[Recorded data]
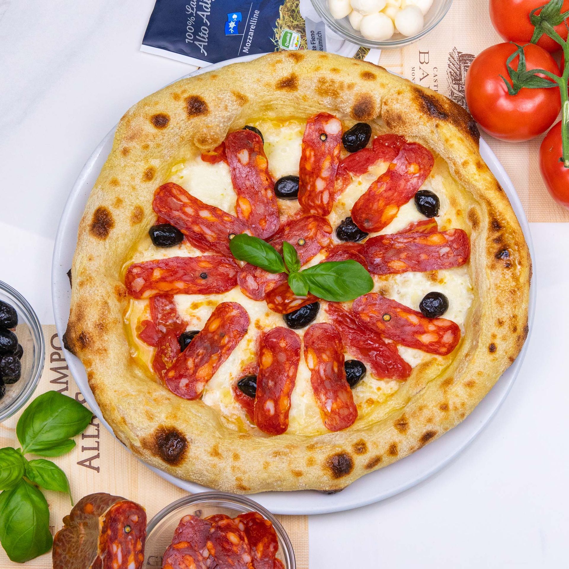 La pizza da asporto del locale di Bolzano è realizzata esclusivamente con un impasto di lievito madre, farine selezionate ad alta digeribilità e una maturazione di almeno 48 ore a temperatura ambiente e controllata tra i 4 e i 24 gradi.
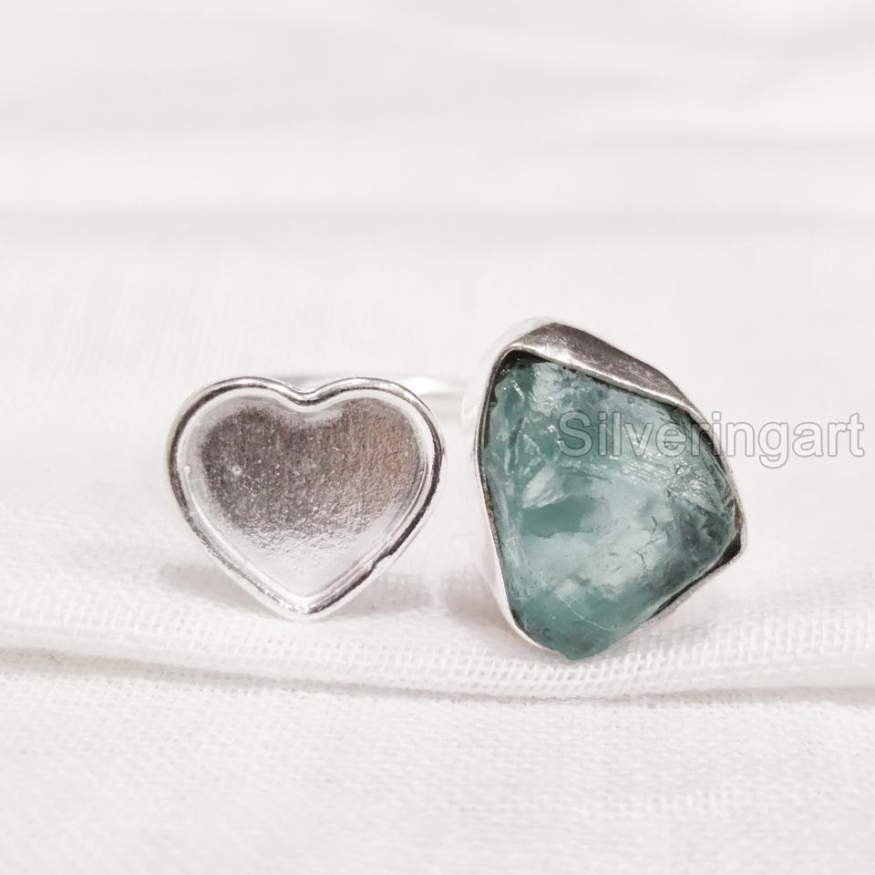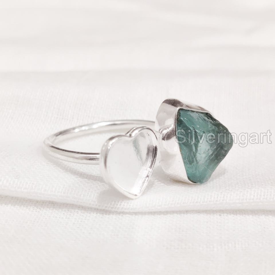 แหวนหินดิบสำหรับผู้หญิง แหวนพลอยอะพาไทต์สีน้ำเงินธรรมชาติ แหวนหินประจำวันเกิดรูปหัวใจ แหวนเงินแท้ 925 ปรับขนาดได้
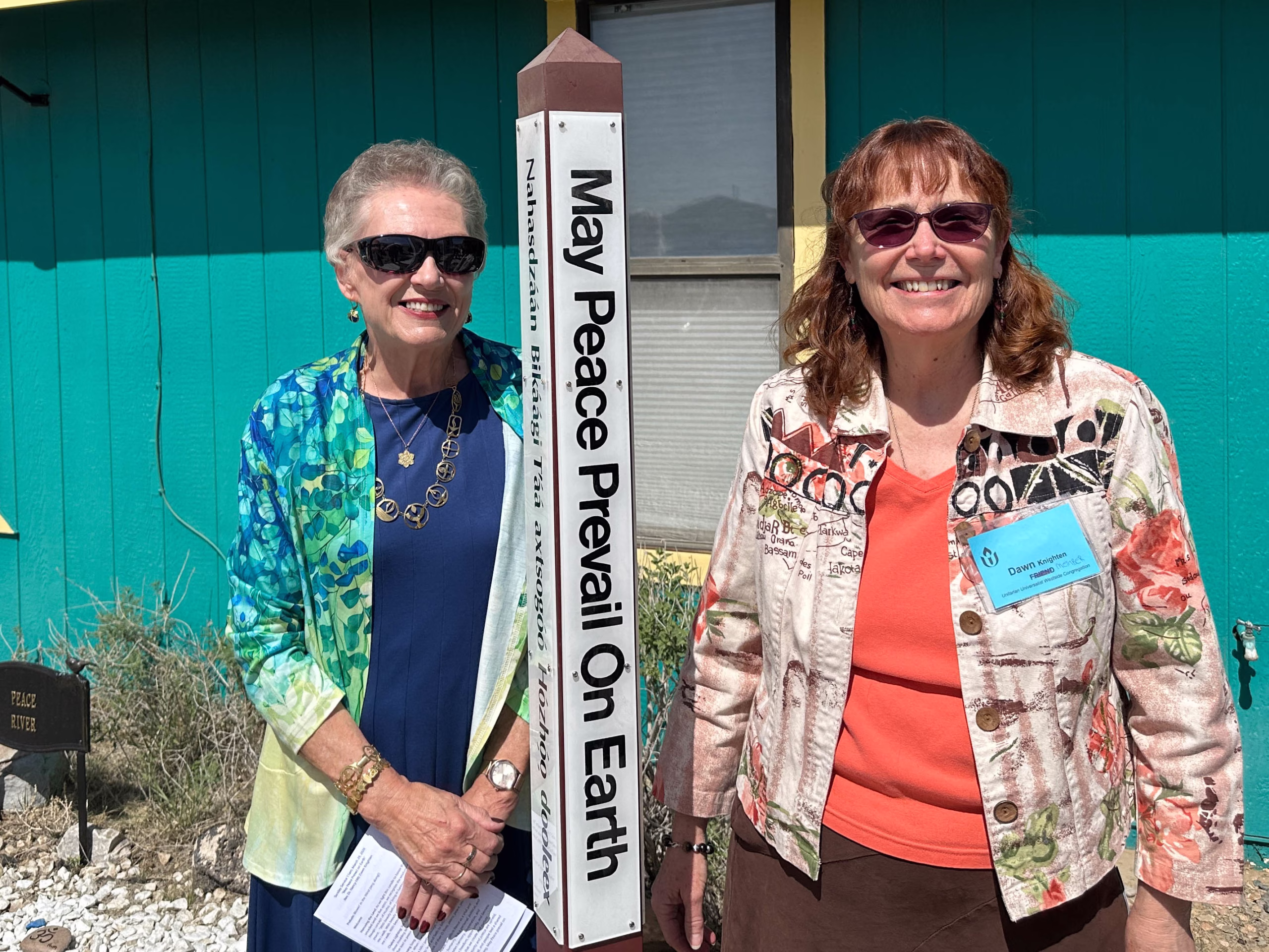 The Congregation added an International Peace Pole in a March 29, 2026, program promoting peace. The Peace Pole, installed near the Peace River, promotes peace in four languages: English, Spanish, Dine, and American Sign Language. The Community Care Committee oversees the Peace River and Peace Pole with Dawn Knighten maintaining a personal responsibility for the installations. Pictures of the installation shown below are of Dawn, the consulting minister Rev. Dr. Nancy Hitt, and members of the congregation.
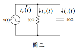 四、圖三所示交流電路中,電源電壓的瞬時表示式為 v(t ) = V
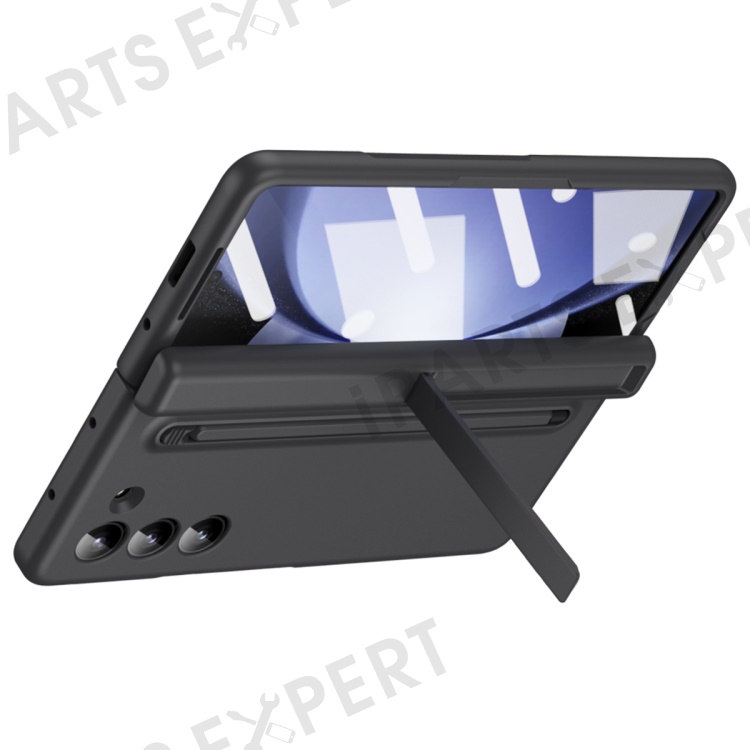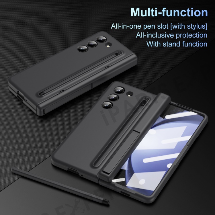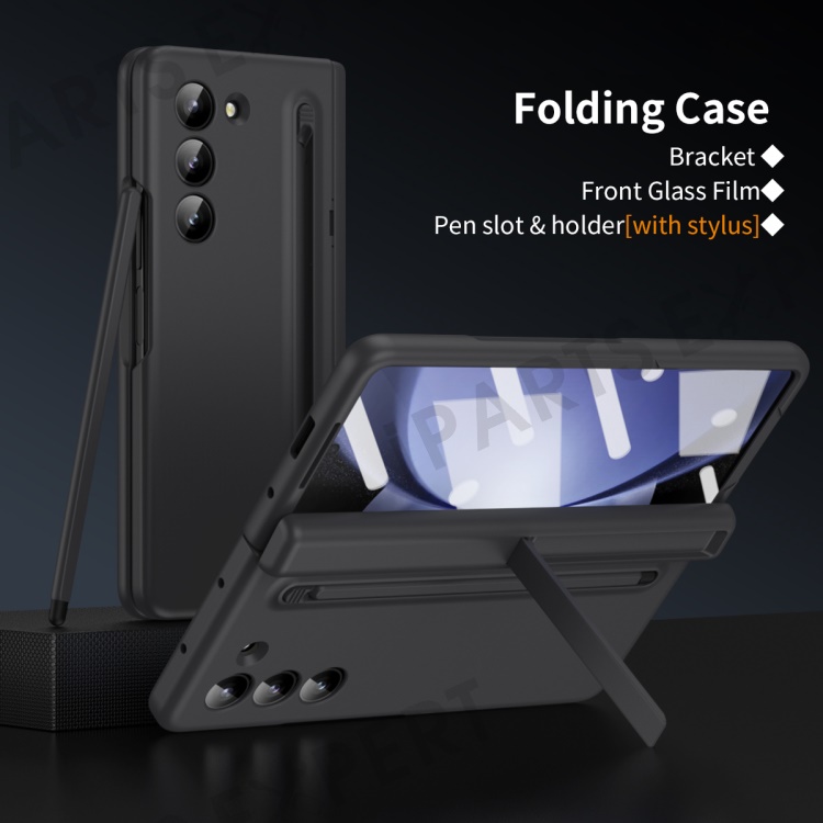 For Samsung Galaxy Z Fold5 5G Full Guard Case Hard PC Kickstand Phone Cover with Glass Film, Stylus - Black
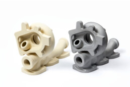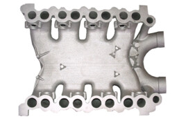 Klassischerweise sitzt eine Motor-Sauganlage auf dem Motorblock eines Fahrzeuges auf. Ihre Aufgabe ist, es Umgebungsluft anzusaugen und in die Zylinder des Motors zu leiten. Die Leistung und Effizienz dieses Motors hängt stark von der Qualität der Luftbefüllung ab. In diese, Fall ging es um die Neuentwicklung einer Sauganlage für einen 8-Zylindrigen Rennmotor. Das Problem lag zunächst in den vielen Hinterschneidungen und benötigten Kernen, die für einen Abguss hätten, benötigt werden müssen. Durch den Einsatz des Binder Jetting 3D-Drucks konnte die Form jedoch in fünf verschiedene Teile aufgebrochen werden. Ein Oberkasten, ein Unterkasten und lediglich drei Kerne. Nach erfolgreichem Testen wurde das Design finalisiert und freigegeben. Heute entspricht das getestete Formdesign einer Serienlösung.
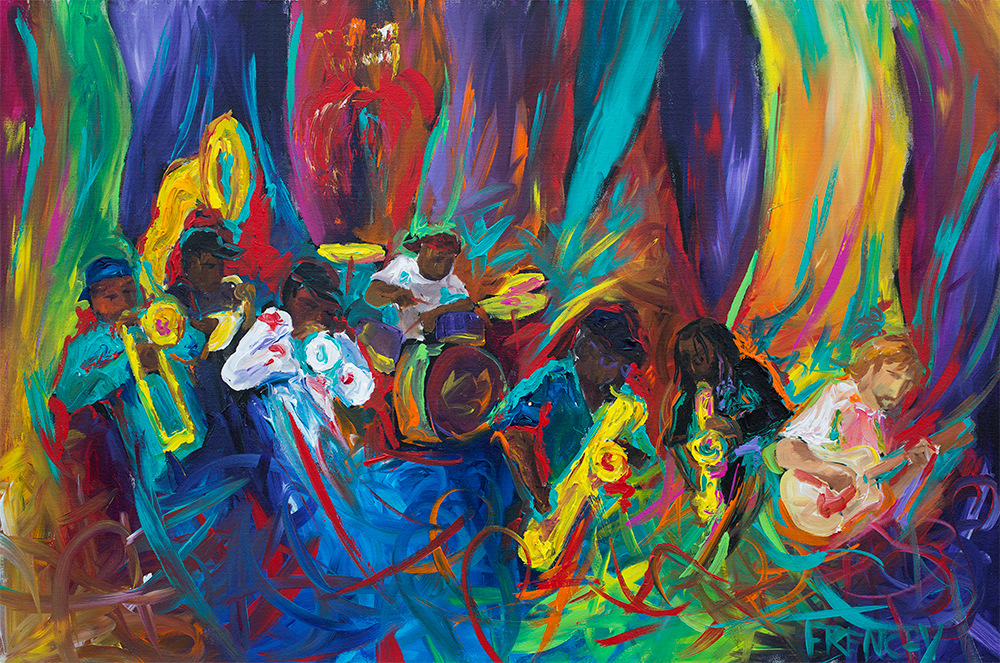 This painting of the Dirty Dozen Brass Band was produced live at the House of Blue in Orlando, Florida.

### [Task to complete]
Every record above, copied exactly and without a single picture, makes up the answer.

### [Result]
 La pizza da asporto del locale di Bolzano è realizzata esclusivamente con un impasto di lievito madre, farine selezionate ad alta digeribilità e una maturazione di almeno 48 ore a temperatura ambiente e controllata tra i 4 e i 24 gradi.
 แหวนหินดิบสำหรับผู้หญิง แหวนพลอยอะพาไทต์สีน้ำเงินธรรมชาติ แหวนหินประจำวันเกิดรูปหัวใจ แหวนเงินแท้ 925 ปรับขนาดได้
 The Congregation added an International Peace Pole in a March 29, 2026, program promoting peace. The Peace Pole, installed near the Peace River, promotes peace in four languages: English, Spanish, Dine, and American Sign Language. The Community Care Committee oversees the Peace River and Peace Pole with Dawn Knighten maintaining a personal responsibility for the installations. Pictures of the installation shown below are of Dawn, the consulting minister Rev. Dr. Nancy Hitt, and members of the congregation.
 四、圖三所示交流電路中,電源電壓的瞬時表示式為 v(t ) = V
 For Samsung Galaxy Z Fold5 5G Full Guard Case Hard PC Kickstand Phone Cover with Glass Film, Stylus - Black
 Klassischerweise sitzt eine Motor-Sauganlage auf dem Motorblock eines Fahrzeuges auf. Ihre Aufgabe ist, es Umgebungsluft anzusaugen und in die Zylinder des Motors zu leiten. Die Leistung und Effizienz dieses Motors hängt stark von der Qualität der Luftbefüllung ab. In diese, Fall ging es um die Neuentwicklung einer Sauganlage für einen 8-Zylindrigen Rennmotor. Das Problem lag zunächst in den vielen Hinterschneidungen und benötigten Kernen, die für einen Abguss hätten, benötigt werden müssen. Durch den Einsatz des Binder Jetting 3D-Drucks konnte die Form jedoch in fünf verschiedene Teile aufgebrochen werden. Ein Oberkasten, ein Unterkasten und lediglich drei Kerne. Nach erfolgreichem Testen wurde das Design finalisiert und freigegeben. Heute entspricht das getestete Formdesign einer Serienlösung.
 This painting of the Dirty Dozen Brass Band was produced live at the House of Blue in Orlando, Florida.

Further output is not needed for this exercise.